20 Years of Placebo and A Place for Us to Dream (2015–present)Edit
Marking twenty years since the release of their debut album, Placebo announced in June 2015 the re-release of their first five albums on 12" coloured vinyl.
On 19 August 2015, Placebo performed an MTV Unplugged concert in London. The setlist for this performance consisted of many older Placebo songs, some of them not played live in a decade. On 27 November 2015, MTV Unplugged was released on CD, DVD, Blu-ray and vinyl.
In March 2016, Placebo announced the anniversary tour "A Place for Us to Dream – 20 Years of Placebo", with the first dates scheduled for December 2016 in the UK and Ireland. Molko stated that the setlist would include songs that he had sworn never to play again, adding: "This tour is very much for the fans and a chance for us to revisit a lot of our early material. So, if you want to see us play songs like 'Pure Morning' and 'Nancy Boy' which we haven't played in almost ten years and may not play again, then you'd better come along to these shows!"
Alt.Russia, a documentary containing scenes from the 2014 Placebo tour in Russia, was released on 10 May 2016. Narrated by Stefan Olsdal, the documentary was also a commentary towards the contemporary social and political issues in Russia, especially homophobia.

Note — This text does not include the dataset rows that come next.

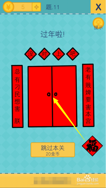过年啦,当然要贴福字,把福字移到门的两个把手上,然后把手机倒过来代表福到,即过关。
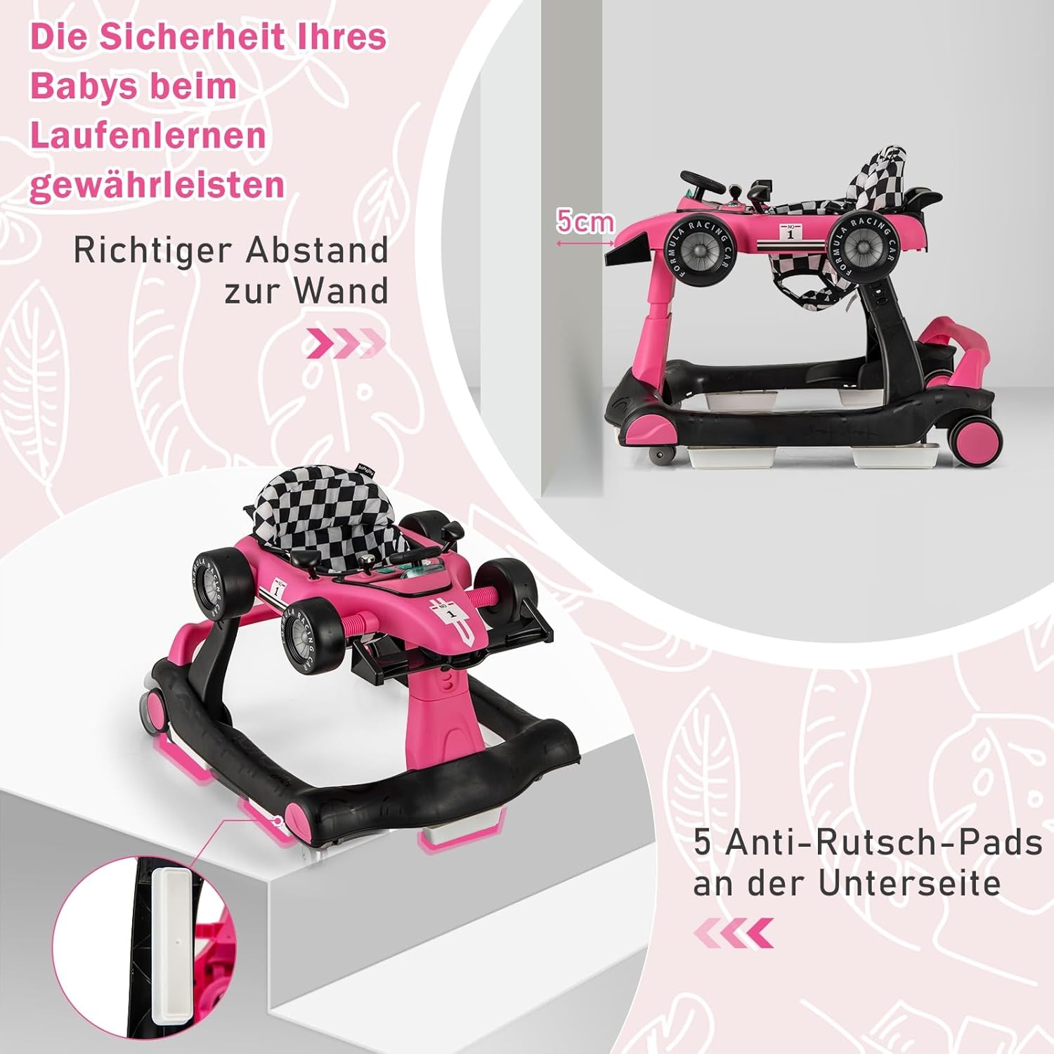 - đăFĂŒr Sicherheit & KomfortăDie Lauflernhilfe ist mit einer KopfstĂŒtze versehen, die den Kopf des Kindes schĂŒtzt. Die 5 Anti-Rutsch-Pads an der Unterseite und 4 rutschfesten RĂ€der tragen zur Sicherheit Ihrer KInder bei. Zudem ist der Sitzbezug
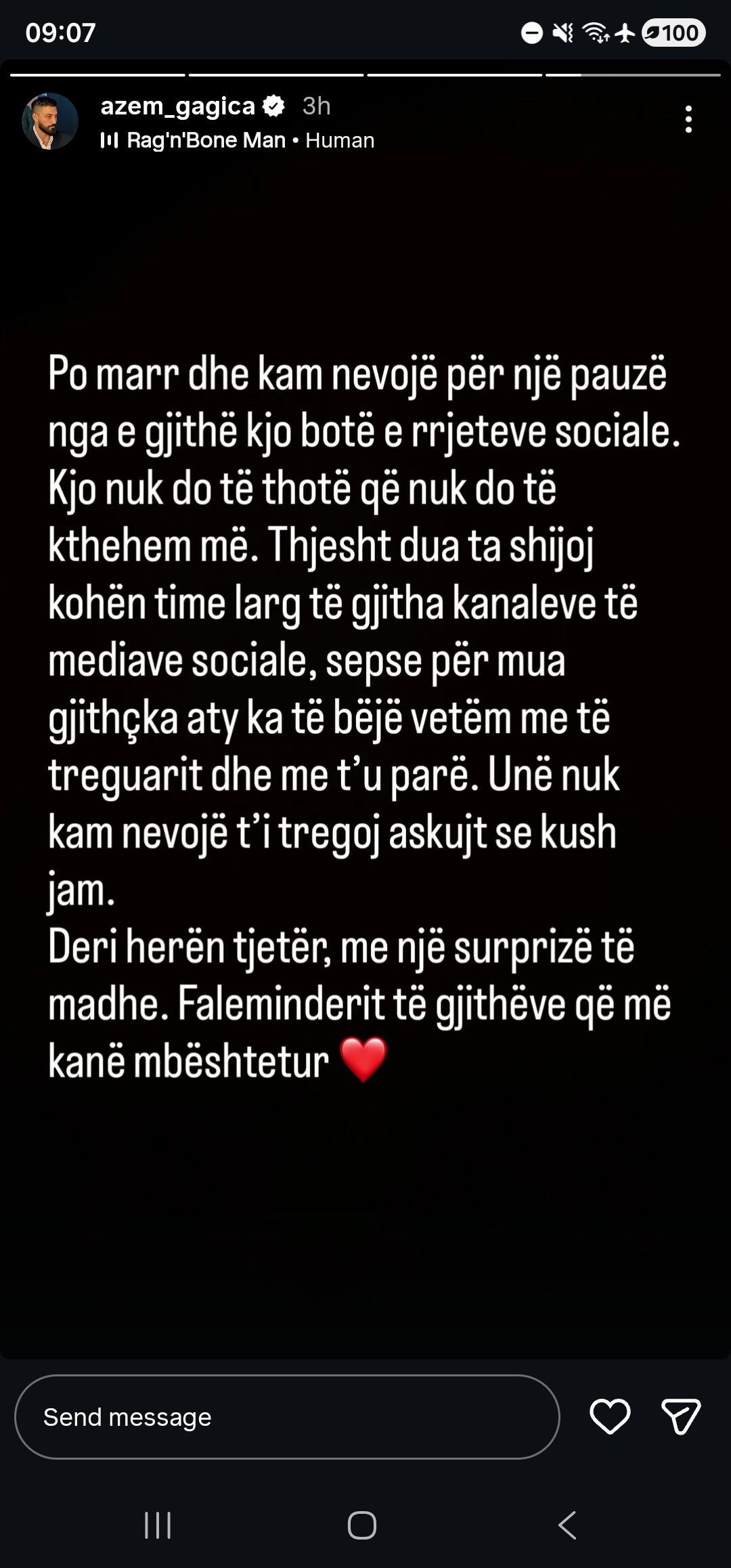 Para se të bënte “pastrimin” e madh të llogarisë, Azemi la një mesazh të fundit shpjegues, duke sqaruar se kjo nuk është thjesht një tekë momenti, por një nevojë urgjente për t’u shkëputur nga presioni i dukjes. Ai u shpreh hapur se bota e rrjeteve sociale është kthyer në një mjedis toksik ku “gjithçka ka të bëjë vetëm me të treguarit dhe me t’u parë”, duke shtuar me bindje se në këtë fazë të jetës, ai nuk ndjen më nevojën t’i dëshmojë askujt se kush është realisht.
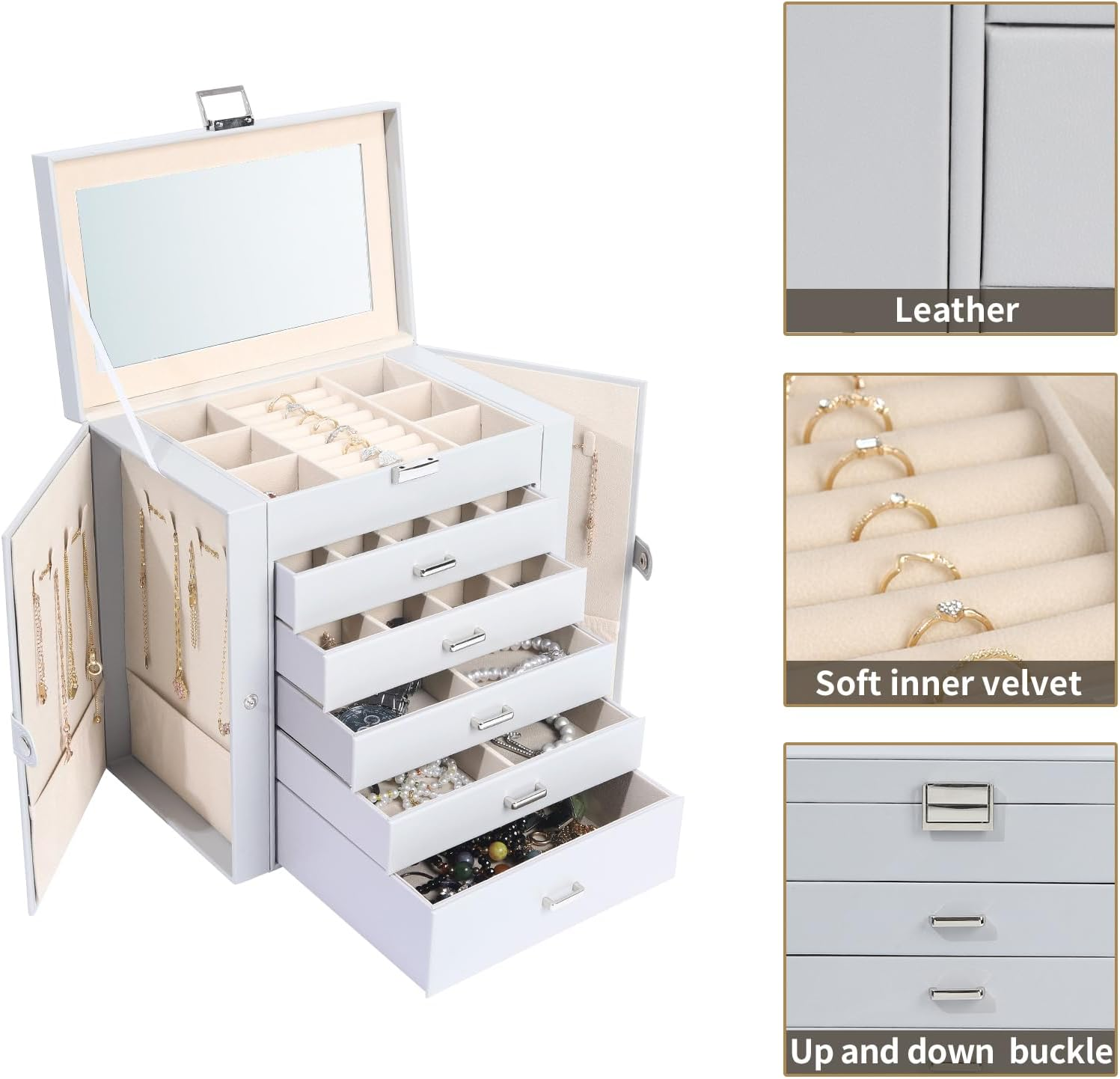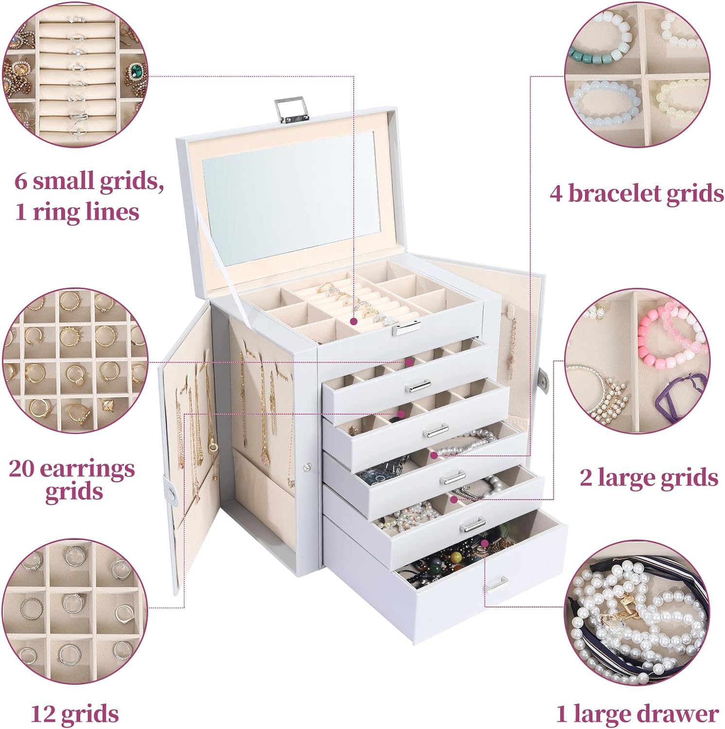 Store New Arrivals Add to Favorite View Feedback Contact Jewelry Box for Women, 6 Layer Lockable Large Jewelry Holder Organizer with 5 Drawers for Jewelry Storage, Big Jewelry Box for Womens’ Christmas Gift (Gray) Description Item model number AG61024JB Style Modern Number of Items 1 Country of Origin China Batteries Included? No Jewelry Storage Type Jewelry Box Batteries Required? No Number of Compartments 4 Special Feature Mirror Product Dimensions 10"D x 8"W x 9"H Material Leather Number of Drawers 5 Finish Type [POSSIBLE] Polished Included Components jewelry box Closure Type Hinge Item Weight 6.41 pounds Finish [POSSIBLE] Polished Occasion Christmas Special Features Mirror Target Audience Women Girl Part Number AG61024JB Mounting Type Table Top Color gray Shape Rectangular Recommended Uses For Product Necklace, Bracelet, Ring, Earring Inner Material Flannelette Multi-functional Jewelry Holder Organizer: The first layer on jewelry box with satisfy all your daily makeup needs. It with 6 earrings grids for stud earrings,brooches, Christmas charms. And it has 14 ring lines for ring holder, and 1 big mirror. Long Necklace Organizer: With excellent craftsmanship, this jewelry organizer will surprise you with its superior quality. With 16 necklace hooks on 2 jewelry organizer, you can hanging 16 necklaces in it. Makeup Organizer: The bottom drawer is really a huge drawer for your big stuffs, even for you cosmetics. With 5 drawers and 1 layer, you can take it as your makeup and jewelry box. All your daily storage needs will be take in it. Space and Time Saving for Makeup Table: With our 6 layer jewelry box, all your jewelry will be in good order and easy to reach. From then on, you have a bright dresser that saves space and makes your room look neater and more elegant. In addition, our jewelry travel boxes are designed to categorize your jewelry at a glance, shortening search time. Ideal Jewelry Gift Box : This PU leather jewelry box looks elegant and thoughtful. It is a perfect gifts for yourself, your friends, your wife or your mother for birthdays, Christmas, Valentine's Day, Mother's Day and anniversaries. This jewelry holder can be used not only as a girl's jewelry box, ring storage box, necklace storage box, earrings storage box, but also as a gift box for bracelets. Product Description ABOUT US We offer the best prices around on high quality products. Our E-store includes media such as books, movies, music and games while offering electronics, toys, sporting apparel, clothing, tools, general home, garden items and more. SHIPPING We are always working hard to ensure your package arrives as soon as possible. Please understand that some factors like weather, high postal traffic, and the performance of shipping companies are outside of our control. We offer free shipping to the lower 48 states and ship within 2 business days of payment, usually sooner. We do not accept P.O. Boxes. Please provide a physical address. For shipping outside of the continental USA, we only use eBay's Global Shipping Program.The item is shipped to KY and then sent to the rest of the world. International customers are responsible for all duties and taxes. Continue to check out in order to calculate costs for shipping the item to your country. Messages regarding eBay's Global Shipping Program MUST be directed at eBay EXCLUSIVELY. RETURNS We offer a 30-Day Return Policy on items which you are not completely satisfied with. You have the option for a full-refund or an exchange of the item. No returns are available on items shipped outside of the USA. PAYMENT We accept PayPal. CONTACT US This page content is yet to come Please ad us to your favorite seller and visit again later Thank You CUSTOMER SATISFACTION We try our very best to make sure every customer is completely satisfied. If there's a problem, message us! We're happy to help.

On 4 August 2016, Placebo announced the release of a compilation album, A Place for Us to Dream and of an EP, Life's What You Make It, collecting previously unreleased material. The compilation album and the EP were both released on 7 October 2016. Both contained the new single "Jesus' Son", which was released on 19 August 2016, accompanied by a music video.
On 7 October 2016, the band also released a video for the song "Every You Every Me", filmed in 1998 but never shown before to the public.
The band kicked off their 20 Years of Placebo tour in Aarhus, Denmark. The concert was abruptly cut short, however, already two songs into the set, as Molko became incoherent and had to be removed from the stage. An official statement from the band explained that Molko had an adverse reaction to new medication. The tour continued in the next evenings without incidents, the band receiving positive reviews for their performances. During October-November 2016, the band toured Europe and Russia. Placebo's December 2016 concerts in the UK and Ireland featured shoegaze supergroup Minor Victories as the opening act.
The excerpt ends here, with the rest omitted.